Memperhatikan perilaku non-verbal

Cara mengatakan lebih penting daripada yang dikatakan atau isi perkataan. Cara
mengatakan ini adalah dalam bentuk tatanan kalimat netral dengan intonasi yang nyaman.

Sebagaian besar komunikasi dilakukan secara non verbal. Dokter perlu sadar akan apa
yang dikomunikasikannya kepada pasien melalui pengamatan perilaku non verbal.
Perilaku non verbal dokter juga berpengaruh kepada pasien. Oleh karenanya, dokter perlu
melakukan introspeksi setiap saat akan perilaku non verbal dan tutur kata serta
perilakunya.

Perilaku non-verbal dapat berupa:

- Bahasa tubuh (body language): gerakan tangan, ekspresi wajah, postur, orientasi
tubuh, kedekatan tubuh/jarak, kontak mata, saling bercermin (mirroring), wawancara
tanpa dibatasi meja.

- Paralinguistik: hembusan nafas, bersungut-sungut, berkeluh kesah, perubahan tinggi


nada, perubahan keras suara, kelancaran suara, senyum tegang, gugup.

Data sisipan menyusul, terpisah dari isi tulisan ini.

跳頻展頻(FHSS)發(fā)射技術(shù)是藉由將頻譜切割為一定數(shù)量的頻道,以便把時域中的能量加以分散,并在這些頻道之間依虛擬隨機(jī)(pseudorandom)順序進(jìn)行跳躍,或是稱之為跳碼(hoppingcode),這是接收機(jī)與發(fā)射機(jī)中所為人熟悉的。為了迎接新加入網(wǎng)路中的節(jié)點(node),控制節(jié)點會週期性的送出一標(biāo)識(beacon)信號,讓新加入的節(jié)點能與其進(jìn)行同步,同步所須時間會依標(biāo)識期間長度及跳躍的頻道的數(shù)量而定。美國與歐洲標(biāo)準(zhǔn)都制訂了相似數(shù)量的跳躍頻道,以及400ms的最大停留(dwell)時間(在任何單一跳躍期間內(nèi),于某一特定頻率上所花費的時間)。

Anamnesis pemeriksaan psikiatri akan menilai berbagai aspek mental, yaitu: (lihat
kuliah)

1. keadaan umum: penampilan, kesesuaian wajah dan usia, dandanan

2. kesadaran: insight dan relasi dan limitasi terhadap diri dan lingkungannya serta daya
nilai realitas

3. proses berpikir

8
4. afek dan mood

5. persepsi

6. psikomotor

7. kemauan

8. fungsi kognitif termasuk orientasi dan daya ingat.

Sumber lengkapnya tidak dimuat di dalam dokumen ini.